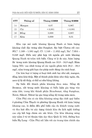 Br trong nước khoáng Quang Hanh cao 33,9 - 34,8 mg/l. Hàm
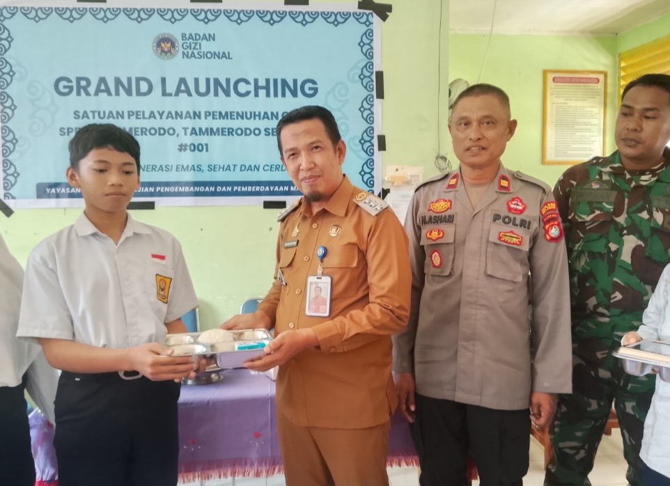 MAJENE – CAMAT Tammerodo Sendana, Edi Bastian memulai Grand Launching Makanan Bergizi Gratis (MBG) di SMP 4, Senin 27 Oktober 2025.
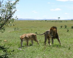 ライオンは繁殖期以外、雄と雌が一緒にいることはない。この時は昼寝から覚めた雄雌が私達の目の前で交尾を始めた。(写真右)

Exercise description:
Your task is to output the material word for word while leaving out every image.

Written response:
 Br trong nước khoáng Quang Hanh cao 33,9 - 34,8 mg/l. Hàm
 MAJENE – CAMAT Tammerodo Sendana, Edi Bastian memulai Grand Launching Makanan Bergizi Gratis (MBG) di SMP 4, Senin 27 Oktober 2025.
 ライオンは繁殖期以外、雄と雌が一緒にいることはない。この時は昼寝から覚めた雄雌が私達の目の前で交尾を始めた。(写真右)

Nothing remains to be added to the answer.